▸ EXERCISE REQUIREMENTS
Only the text of the entries below should appear in your exact transcription; leave out every picture.

[Saved entries]

┄┄┄┄┄┄

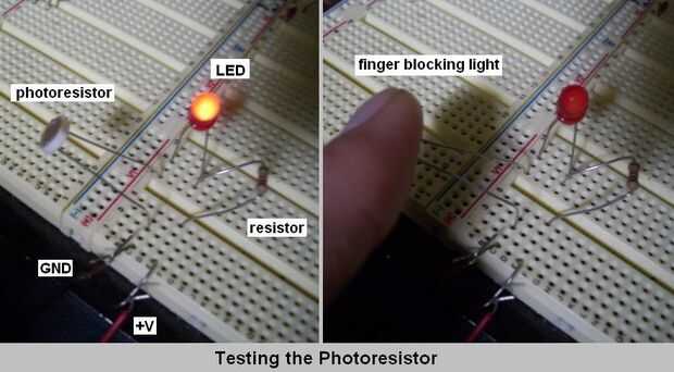 (1) establecer el circuito en un protoboard según el diagrama (primera imagen). Puede probar el fotoresistor tapando con su mano (segunda imagen).
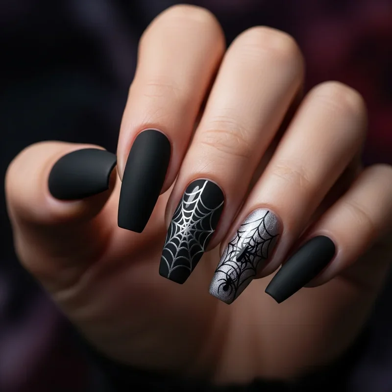Weave intricate spider webs across your nails for a design that's both delicate and decisively gothic. These geometric patterns require patience but deliver stunning results that capture the architectural beauty of spider silk. Start from a corner or center point and work outward with thin, precise lines using white or silver polish against black. The key is maintaining consistent spacing between web rings for a realistic look. You can add a tiny spider charm or painted spider for extra creepiness. This design works beautifully as an accent on ring fingers or can cover all nails for full gothic impact. The spider web represents patience, creativity, and the beauty found in nature's darker corners. In gothic symbolism, webs represent the intricate connections between all things and the delicate nature of existence.
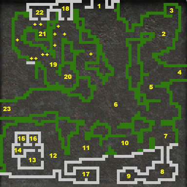 2 Venom Turrets (they shoot poisonous thorns). thorns. Howevver, they can be easily avoided by staying on the northen side of the path. |
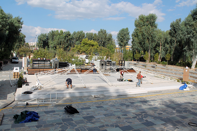 Όσοι βρέθηκαν σήμερα στο πάρκο της πόλης είδαν τις εργασίες να είναι πυρετώδεις με σκοπό την προετοιμασία των εκδηλώσεων στο θέατρο “Τέχνη στην πέτρα”.
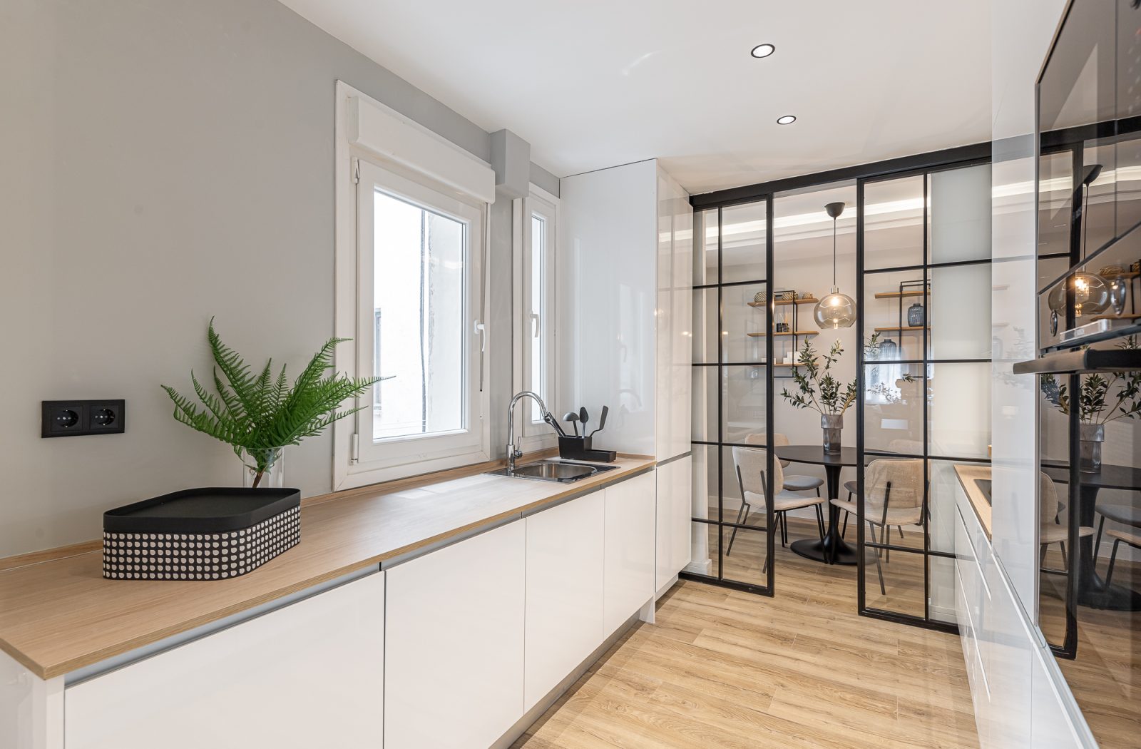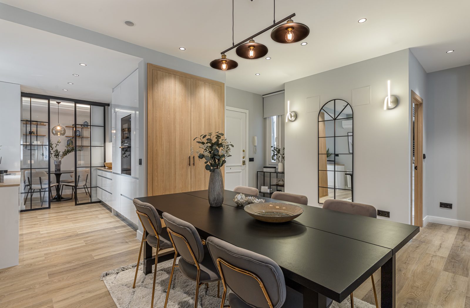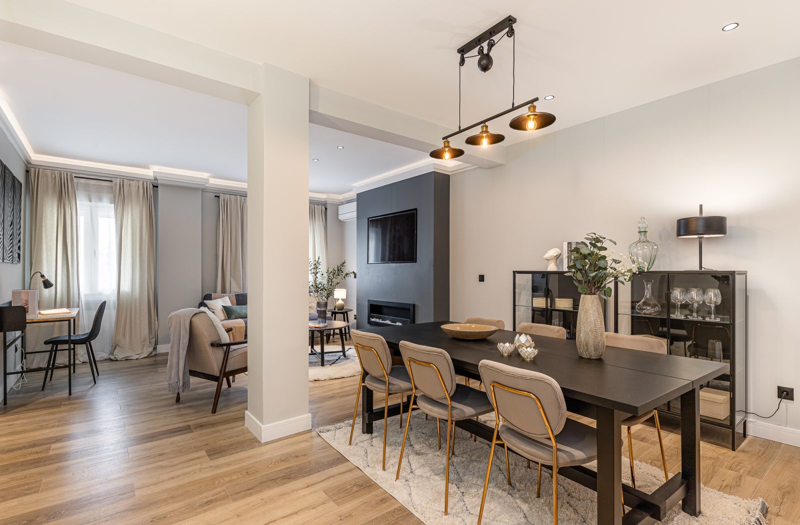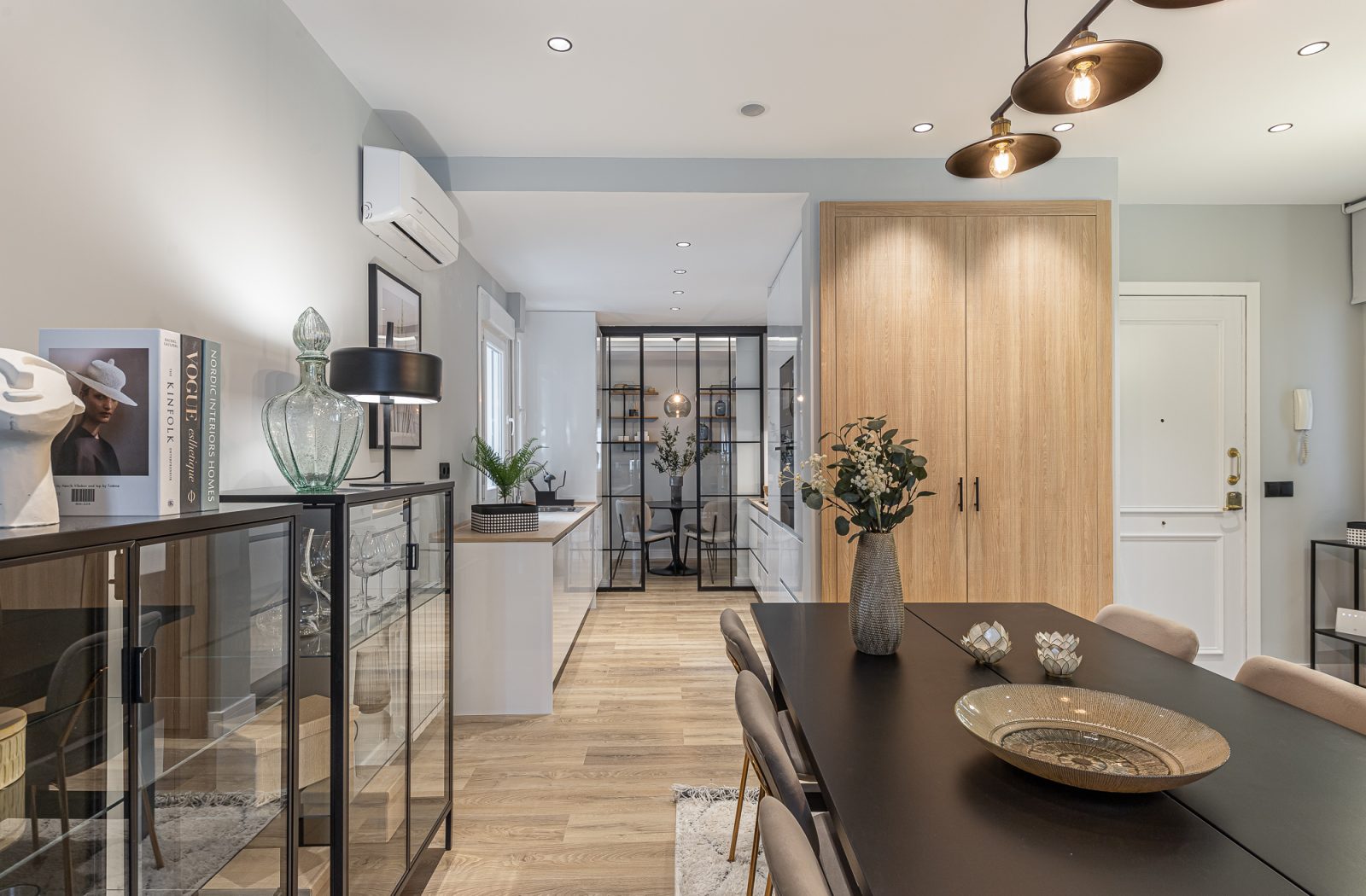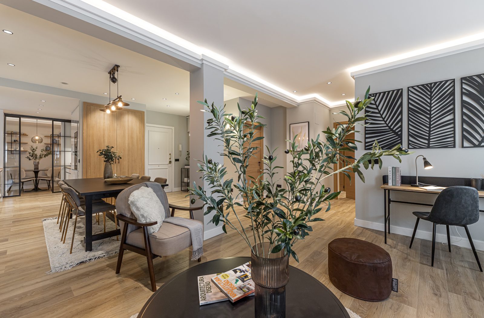 Reforma integral de un piso de 115 m², de 2 habitaciones, 2 baños y terraza, ubicado en la primera planta de un edificio residencial sito en el barrio de Cuatro-Caminos, distrito de Tetuán (Madrid).
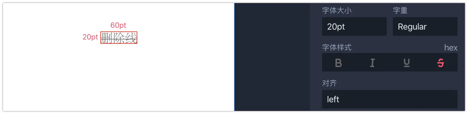 再给大家分享一个小细节:若在设计软件中对字体添加了粗体、斜体、下划线、删除线等样式,上传摹客后会自动识别出该样式,展示在右侧属性“字体样式”中。例如用到删除线的样式,在属性栏中“删除线”的图标就为红色~

┄┄┄┄┄┄

▸ FINAL ANSWER
 (1) establecer el circuito en un protoboard según el diagrama (primera imagen). Puede probar el fotoresistor tapando con su mano (segunda imagen).
Weave intricate spider webs across your nails for a design that's both delicate and decisively gothic. These geometric patterns require patience but deliver stunning results that capture the architectural beauty of spider silk. Start from a corner or center point and work outward with thin, precise lines using white or silver polish against black. The key is maintaining consistent spacing between web rings for a realistic look. You can add a tiny spider charm or painted spider for extra creepiness. This design works beautifully as an accent on ring fingers or can cover all nails for full gothic impact. The spider web represents patience, creativity, and the beauty found in nature's darker corners. In gothic symbolism, webs represent the intricate connections between all things and the delicate nature of existence.
 2 Venom Turrets (they shoot poisonous thorns). thorns. Howevver, they can be easily avoided by staying on the northen side of the path. |
 Όσοι βρέθηκαν σήμερα στο πάρκο της πόλης είδαν τις εργασίες να είναι πυρετώδεις με σκοπό την προετοιμασία των εκδηλώσεων στο θέατρο “Τέχνη στην πέτρα”.
 Reforma integral de un piso de 115 m², de 2 habitaciones, 2 baños y terraza, ubicado en la primera planta de un edificio residencial sito en el barrio de Cuatro-Caminos, distrito de Tetuán (Madrid).
 再给大家分享一个小细节:若在设计软件中对字体添加了粗体、斜体、下划线、删除线等样式,上传摹客后会自动识别出该样式,展示在右侧属性“字体样式”中。例如用到删除线的样式,在属性栏中“删除线”的图标就为红色~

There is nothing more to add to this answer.